Untuk mengimbangi kekonyolan Ryan Gosling sebagai March, Russell Crowe menghidupkan Healy sebagai karakter yang tidak banyak berbasa-basi, selalu berorientasi pada pekerjaan, dan senantiasa menguasai diri. Walaupun ia pribadi memandang profesinya lebih rendah ketimbang March, Healy jelas lebih amanah dalam menjalankan pekerjaan dengan segala kecakapannya.

Mengesampingkan intensitas dan keseriusan karakternya, Healy sesekali masih bisa mengundang tawa lewat selera komedinya tersendiri. Jika March menjagokan Hitler sebagai punchline, Healy punya komentar sinis terhadap monogami. Secara beriringan, mereka adalah duet komedi ganjil yang sejalan dengan segala kaidah dan konvensi genre yang dirancang oleh Shane Black sendiri.

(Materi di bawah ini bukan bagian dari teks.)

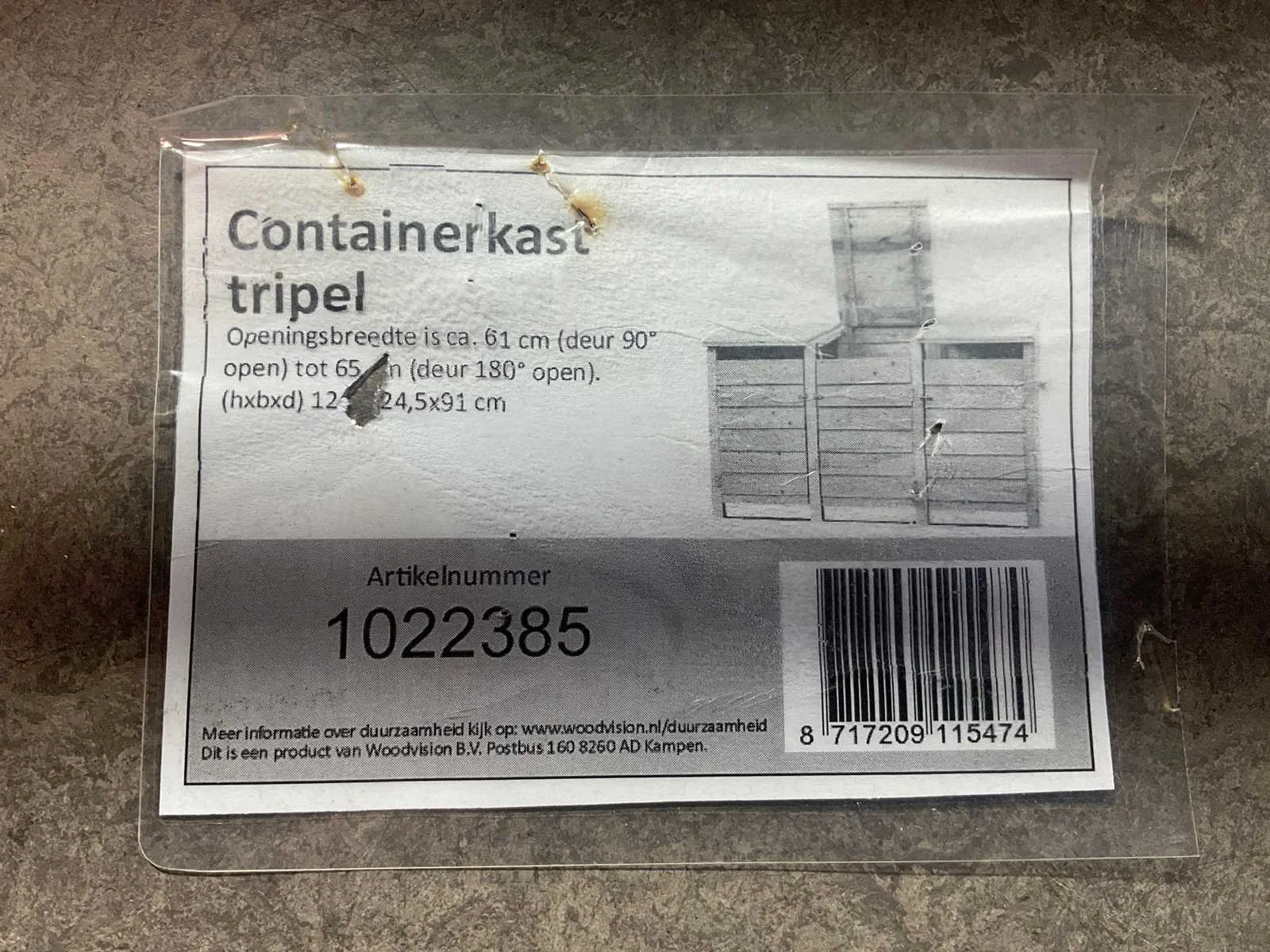 Containerkast/ombouw Triple. Deze ombouw heeft afmetingen van 129x224,5x91 cm en is geschikt voor 3 afvalcontainers. Model: triple Product type: containerkast Lengte: 91cm Breedte: 224,5cm Hoogte: 129cm Materiaal: Vurenhout

Tidak ada kebaruan dalam The Nice Guys karena memang tidak perlu ada pembaruan. Percikan antusiasme dan kebahagiaan selalu muncul setiap kali Healy dan March berada dalam satu bingkai, bahkan tanpa perlu bertukar dialog. Reaksi antara kedua karakter ini menjamin setiap kelakar tersampaikan dengan penuh presisi.

Kendati keduanya saling melengkapi, satu karakter lagi dibutuhkan sebagai penggadang yang mempermulus residu dan memberi sentuhan akhir. Untuk mengisi celah ini, hadirlah Holly sebagai satu-satunya sumber akal sehat. Secara singkat, karakter Holly bisa dianggap sebagai versi Batgirl yang lebih berguna. Umur belia tidak menghalangi Angourie Rice untuk menegaskan pengaruh yang sama besar dengan akting Russell Crowe dan Ryang Gosling. Holly adalah seorang sidekick yang tak bisa begitu saja dilupakan.

Latar cerita banyak menyimpan satir dan sisi kelam di balik atmosfirnya yang funky. Los Angeles di tahun 1977 digambarkan sebagai pelimbahan segala bentuk dekadensi. Seks, narkoba, dan korupsi gencar dilakukan, mungkin sebagai bentuk balas dendam atas dekade horror yang baru saja usai. Dari dua adegan pesta dalam film ini, industri otomotif dan pornografi ditempatkan sejajar, sebagai penyumbang besar dalam kemunduran peradaban. Tapi sudah, The Nice Guys tidak dimaksudkan sebagai gambaran realistis sebuah era. Kalau mau dibandingkan, Inherent Vice bisa jadi lebih mendekati realitas, walaupun dengan cara yang lebih personal. Begitu pula dengan Boogie Nights, film Paul Thomas Anderson lain yang lebih waras.

Terlepas dari daur ulang formula Lethal Weapon, The Nice Guys lebih banyak menarik kesamaan dengan, Kiss Kiss Bang Bang, directorial debut Shane Black yang sering dilupakan. Bedanya, saat Kiss Kiss Bang Bang banyak mengangguk pada penonton dengan komentar postmodernis, The Nice Guys cukup sadar diri dan tidak berusaha menjadi barang lain. The Nice Guys adalah sejujur-jujurnya sekumpulan klise film, muncul sebagai alternatif segar di tengah pasar yang semakin jenuh dengan film franchise. The Nice Guys adalah sumber mata air yang belakangan menjadi langka dilanda kemarau summer blockbuster. [WARN!NG/Kevin M.]